#### TASK BRIEF:
When you return the data, keep every line exactly as it is and leave out the pictures.
• • • • •
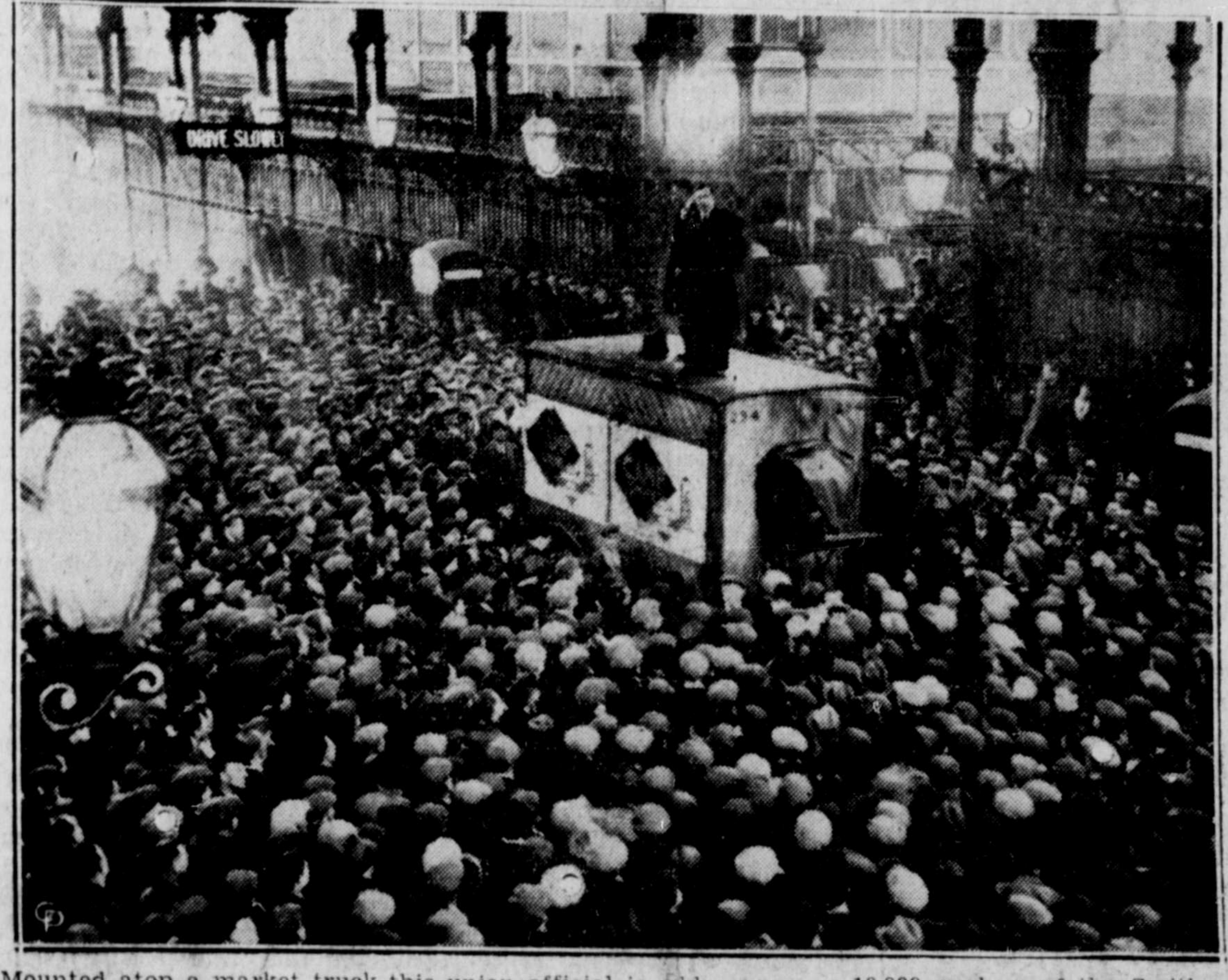
Mounted atop a market truck this union official is addressing the 10,000 workers of the Smithfield market who went out on strike.
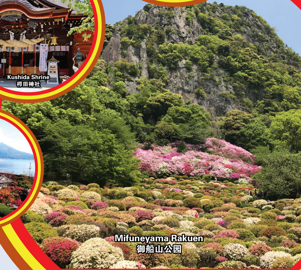
Mifuneyama Rakuen 御船山公園

行程次序・以当地旅社安排为准。 Sequences of Itinerary are subject to local arrangement.
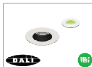
/EMD 3 hour DALI and self-test EM conversion
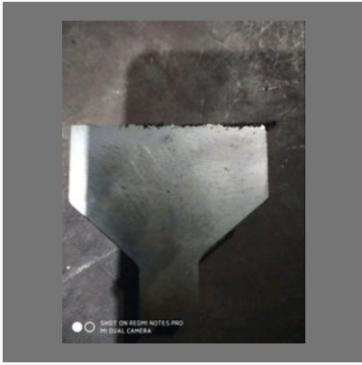
Brush Injection Die
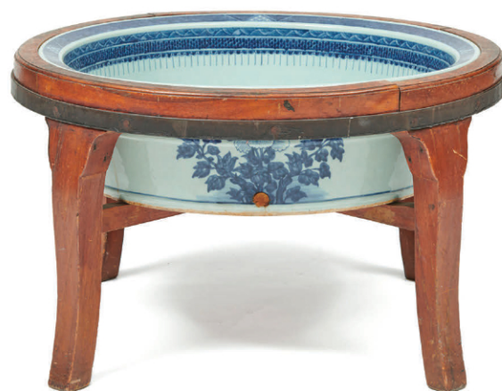
Lot 334. Rare Chinese Canton Blue and White Fish Basin, diameter: 27 in., $3,000–5,000
• • • • •
#### RESPONSE:
Mounted atop a market truck this union official is addressing the 10,000 workers of the Smithfield market who went out on strike.
Mifuneyama Rakuen 御船山公園

行程次序・以当地旅社安排为准。 Sequences of Itinerary are subject to local arrangement.
/EMD 3 hour DALI and self-test EM conversion
Brush Injection Die
Lot 334. Rare Chinese Canton Blue and White Fish Basin, diameter: 27 in., $3,000–5,000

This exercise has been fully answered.